**Task objective**
What's needed is an exact copy of all the data below, without pictures.

**Dataset extract**

══════════════════════════════

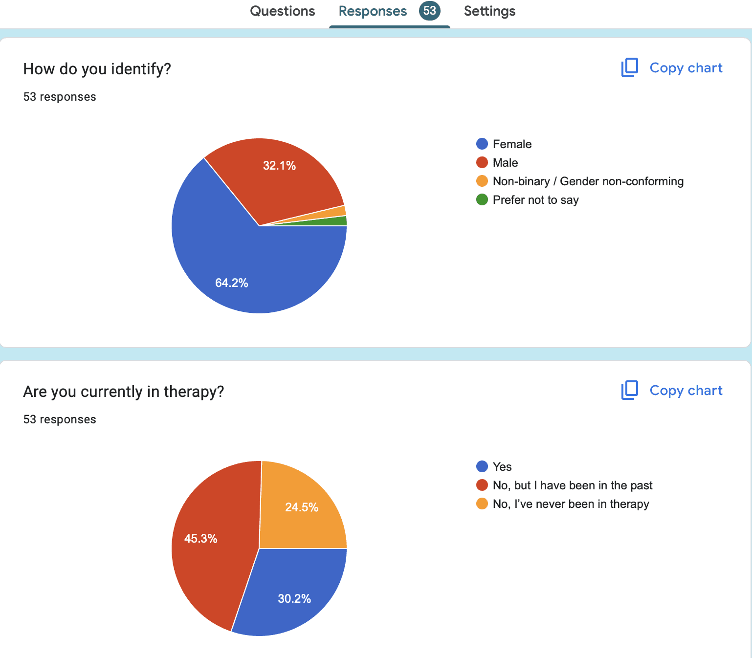 Demographically, the majority of therapists (~75%) are female. Women are almost twice as likely as men to get therapy.
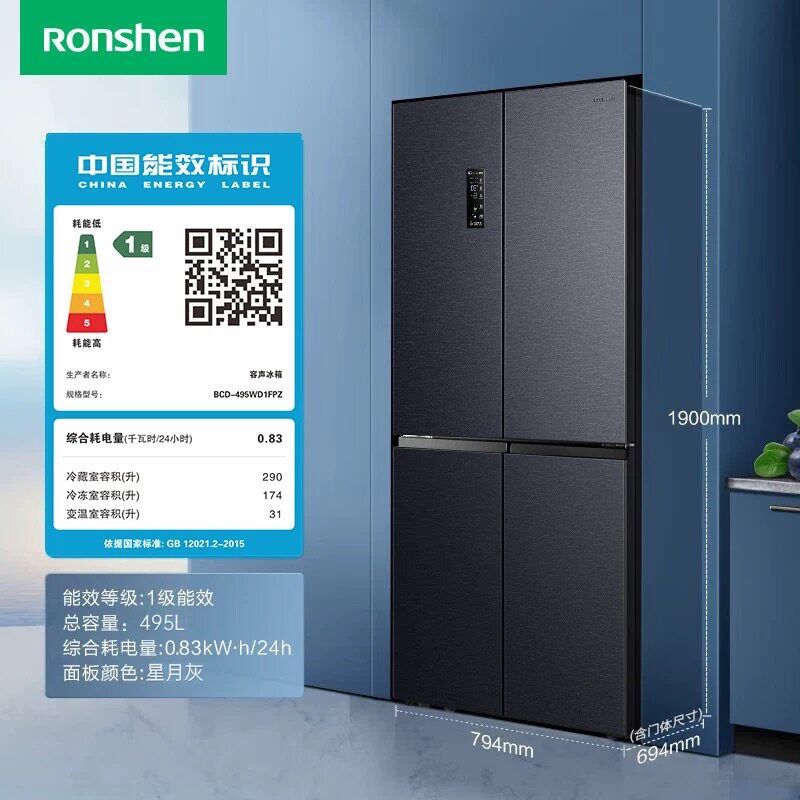 容声BCD 495WD1FPZ家用双循环十字对开门冰箱一级变频无霜等级机
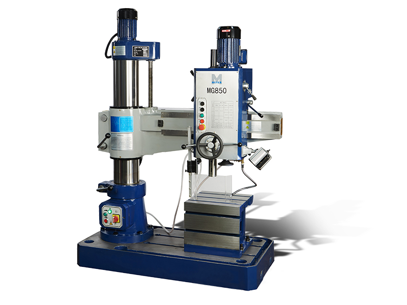 The Meyer range of radial arm drills are high precision machines and are of extremely heavy duty construction. The range covers models from 820mm arm capacity up to 2500mm arm capacity with a comprehensive list of standard features including, on the larger models, hydraulic action for clamping of the arm to the column, the head to the arm and selection of gears. All models meet safety standards with DC injection brakes with aerial stops, providing an instant stop, fitted as standard across the range.

══════════════════════════════

**Answer to this task**
 Demographically, the majority of therapists (~75%) are female. Women are almost twice as likely as men to get therapy.
 容声BCD 495WD1FPZ家用双循环十字对开门冰箱一级变频无霜等级机
 The Meyer range of radial arm drills are high precision machines and are of extremely heavy duty construction. The range covers models from 820mm arm capacity up to 2500mm arm capacity with a comprehensive list of standard features including, on the larger models, hydraulic action for clamping of the arm to the column, the head to the arm and selection of gears. All models meet safety standards with DC injection brakes with aerial stops, providing an instant stop, fitted as standard across the range.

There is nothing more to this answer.